最後にクマ同士は反応しないようにしましょう。RunningBear
を選択し、Inspectorの上の方の項目Layer
のAdd Layer
を選択すると、レイヤーウィンドウが表示されます。このUser Layer 8
あたりにBear
を作りましょう。そして、RunningBear
にBear
レイヤーを割り当てましょう。「 Do you want to set layer to Bear for all child objects as well?」と聞かれますが、「 Yes, change children」を選択し、全ての子供にも適応させましょう。

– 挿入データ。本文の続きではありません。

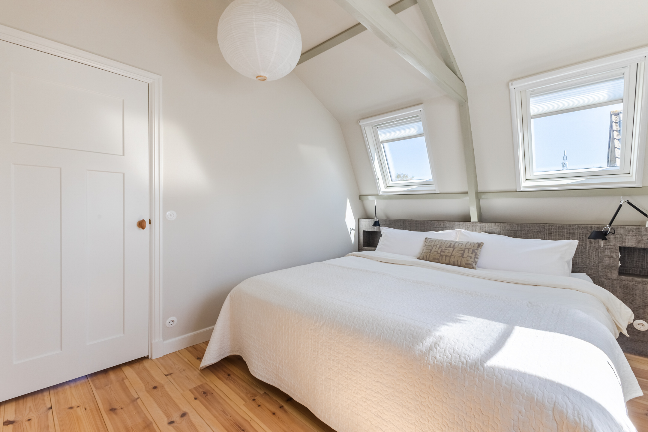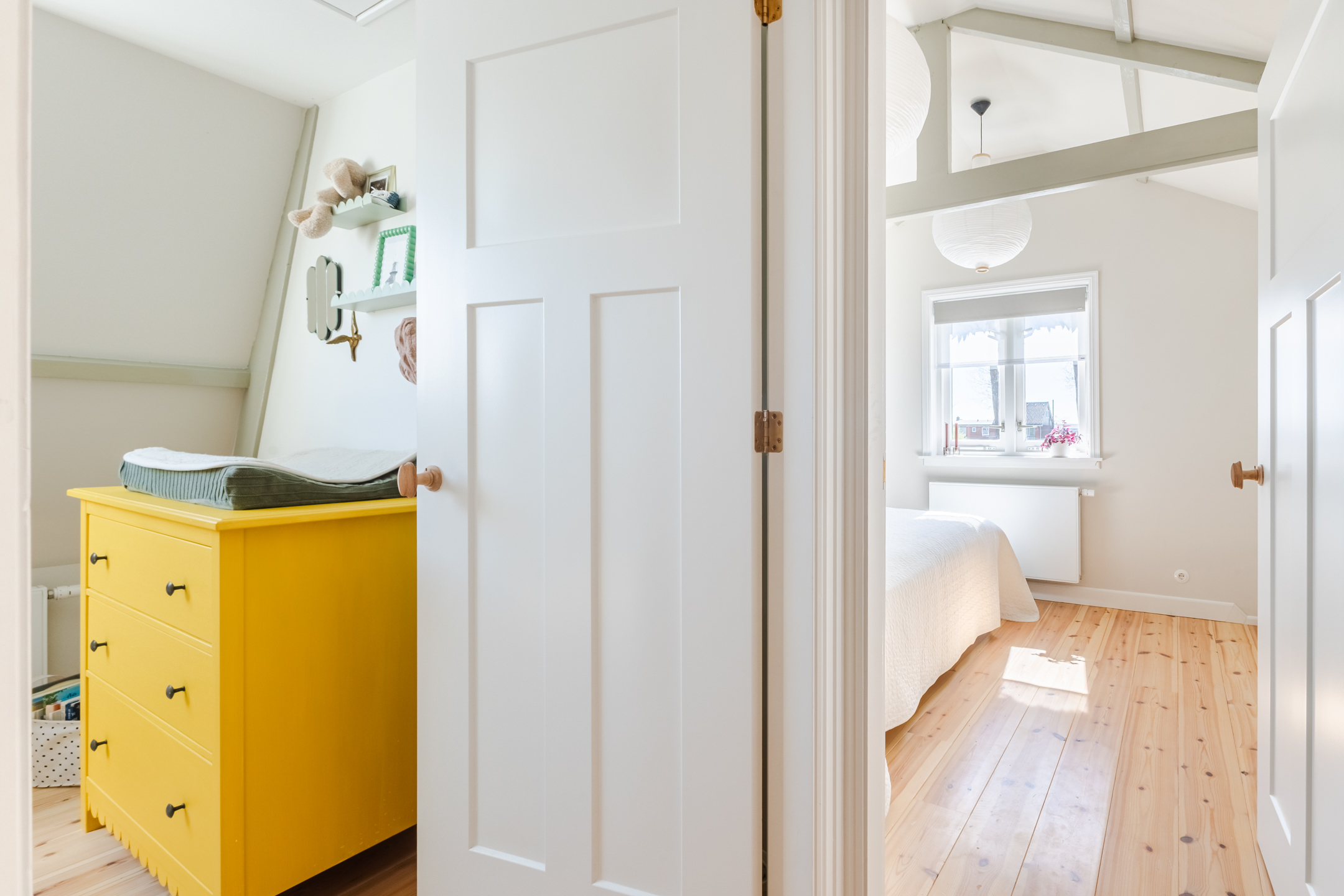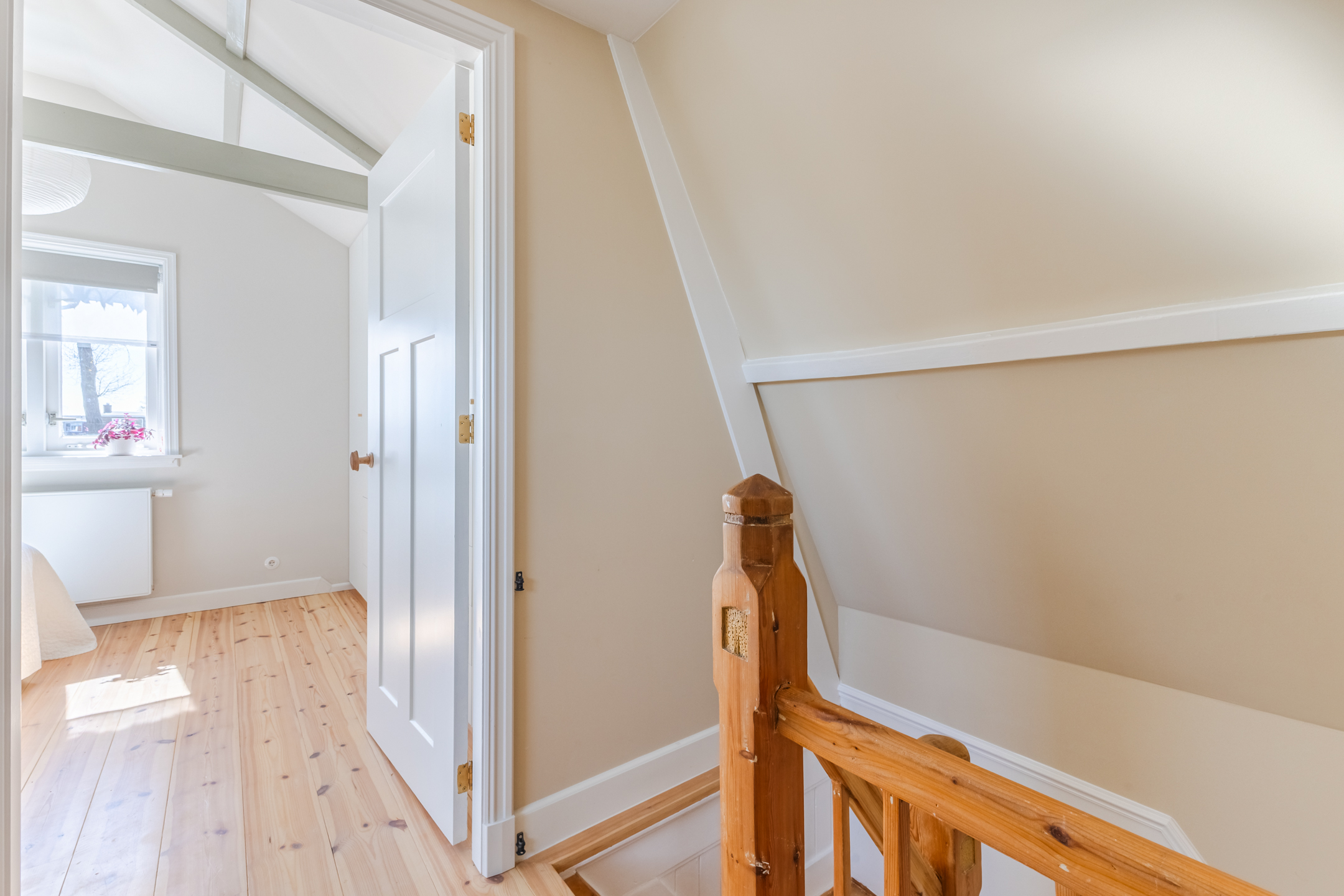 Deze verdieping beschikt over twee slaapkamers en een badkamer. Beide slaapkamers zijn heerlijk ruim en voorzien van een massief houtenvloer. Daarnaast genieten beide kamers van een prettige lichtinval. De grootste slaapkamer van de twee is uitgerust met een moderne inbouwkast en extra opbergruimte.

そしてEdit→Project Settings→Physics
を選択し、BearとBearの組み合わせのみをオフにしておきましょう。
それと、RunningBear
のInspectorでApply
を押すことで、大元のPrefabに反映することを忘れないでください。
仮面 :クマPrefabをたくさん配置すると……
秋山 :わー、クマちゃん逃げますねー
仮面 :そうだ……おい、当てるなよ……
秋山 :あ、当たっても何も起きませんね。
仮面 :そうだな。まだそこの処理は作ってないからな。
秋山 :当たったときは、ちょっと派手にドーンとした方が良いですね。
仮面 :おまっ...なんかゲームの方向性変わってきてないか?
秋山 :いやいや。あくまでも交通安全ゲームです!
車に当たったときの処理
当たったときのクマを表現するにはRagdoll
を使いましょう。これは人体モデルを重みがある人形のように見せる手法です。Unityでもそれを適応させる方法があります。GameObject→Create Other→Ragdoll...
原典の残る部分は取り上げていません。